## [Exercise goal]
These records contain pictures, which must be left out; copy exactly the lines from the one with "2015-2020年我國PPR管材市場規(guī)模及增速" up to and including the one with "Blusa denim con".

(Dataset excerpts)
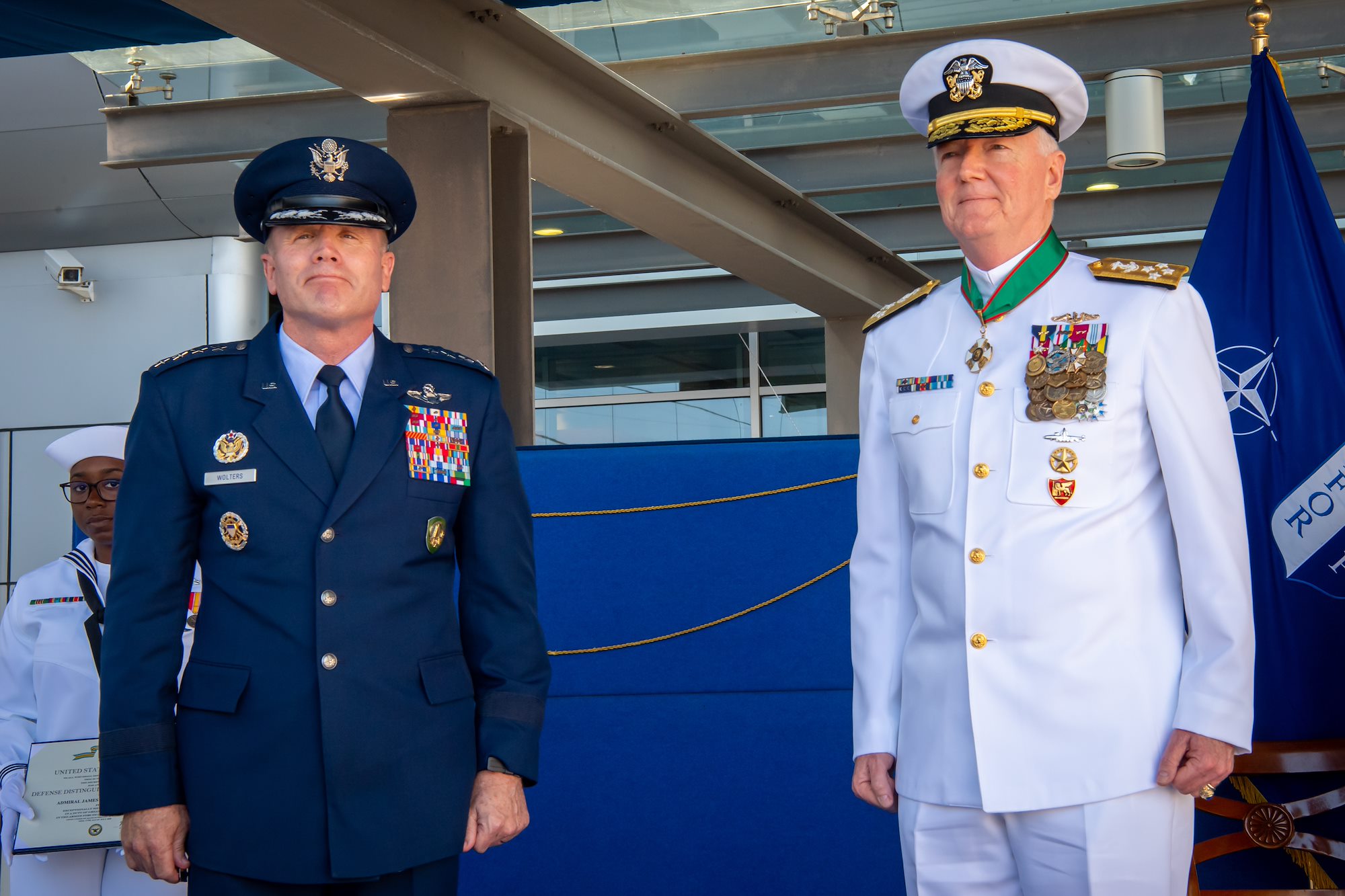 U.S. Air Force Gen. Tod D. Wolters, NATO’s Supreme Allied Commander Europe (SACEUR), and commander, U.S. European Command, presented Foggo with the Defense Distinguished Service Medal for his exceptional service and contribution to the national security of the United States, while serving as commander of CNE-CNA and JFC Naples.
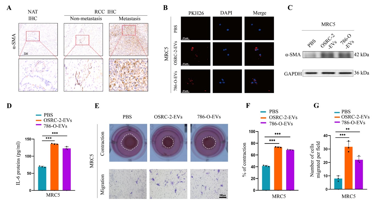 9、肾癌细胞分泌的外泌体circEHD2转运至成纤维细胞中,激活成纤维细胞转换为肿瘤相关成纤维细胞(CAFs),而CAFs通过分泌IL-6,促进肾癌细胞的转移
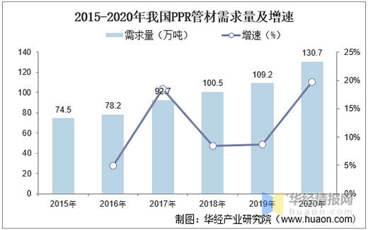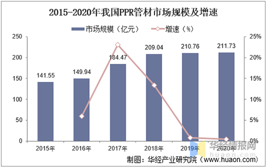 2015-2020年我國PPR管材市場規(guī)模及增速
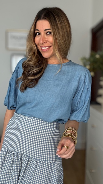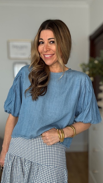 Blusa denim con mangas cortas abullonadas en color azul. Talla única válida desde la talla 36 hasta la talla 44.
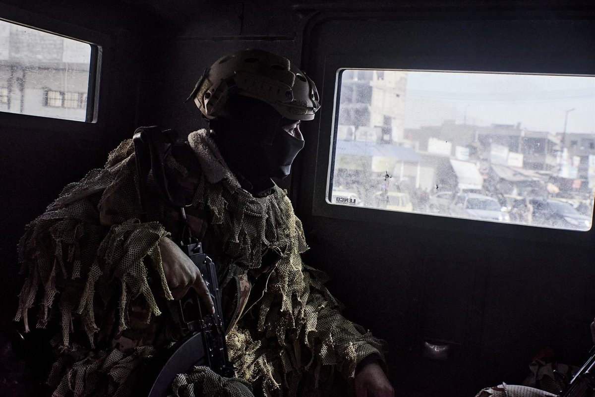 Archivo - February 9, 2025, Raqqa, Syria: Raqqa, February 9, 2025 - A member of the Hezen Komandos, the elite unit of the Syrian Democratic Forces, in an armoured vehicle during a patrol in the streets of Raqqa. The soldiers are mainly maintaining a prese - Europa Press/Contacto/Antonin Burat - Archivo

## [Response below]
 2015-2020年我國PPR管材市場規(guī)模及增速
 Blusa denim con mangas cortas abullonadas en color azul. Talla única válida desde la talla 36 hasta la talla 44.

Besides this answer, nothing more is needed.